Jozy Altidore sat out Sunderland’s loss on Saturday to Crystal Palace with a hamstring injury. Meanwhile, the U.S. National Team is set to play at Costa Rica on Friday and then hosts Mexico next Tuesday in a pair of important World Cup qualifiers.
Given the Chicken Little nature of many U.S. fans, is a hamstring issue to the squad’s top striker reason to panic? Maybe not. Here’s what U.S. Soccer had to say on Saturday:
Early Monday morning U.S. Soccer announced Brad Evans would be replaced by Michael Parkhurst due to injury. Granted, he’s not nearly as important to the squad as Altidore, but if his injury were serious perhaps Jurgen Klinsmann would have made a preemptive roster move to bring in another attacker.

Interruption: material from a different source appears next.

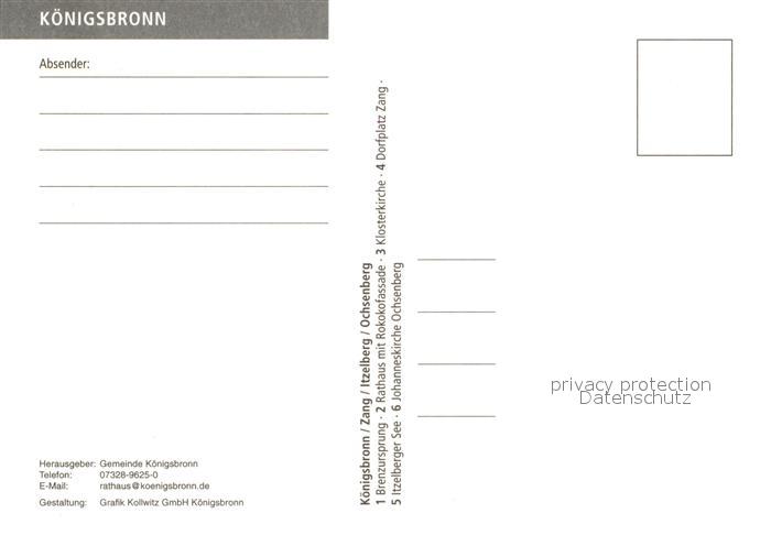 73181384 Koenigsbronn Wuerttemberg Brenzursprung Rathaus Klosterkirche Dorfplatz Zang Itzelberger See Johanneskirche Ochsenberg postalisch nicht gelaufen Erhaltung siehe scans [WerneD78] KatCode: 11110008135025
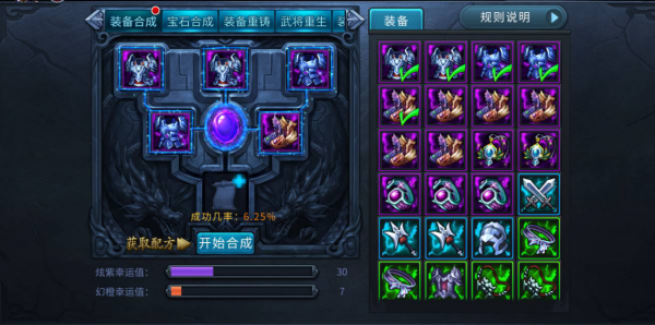 3、合成紫色以上装备失败会累积幸运值,幸运值满后下次合成100%成功。

Everything about Altidore’s injury sounds vague, so panicking before the U.S. team doctors get a chance to look probably isn’t the best course of action. Altidore played last Tuesday for Sunderland in the League Cup, scoring his first goal for the club. (Monday Sunderland added Liverpool’s Fabio Borini on loan, giving Altidore another player to compete with for minutes.) With or without the New Jersey native, the U.S. is on the verge of clinching a berth in Brazil at the World Cup next June, as it sits atop CONCACAF qualifying two points clear of Costa Rica with four games to go. Better than that, the U.S. is five points ahead of third-place Mexico for the final automatic qualification berth.
A realistic scenario, given the nature of hamstring injuries, would be for Altidore to sit out the match on Friday at Costa Rica (10 p.m., beIN Sport) — giving him time to rest up for the Mexico game in Columbus. The U.S. has won 12 straight matches overall, with Altidore scoring in his last five appearances including a hat trick vs. Bosnia in an August friendly. Rushing him back if he’s not 100 percent is a risk.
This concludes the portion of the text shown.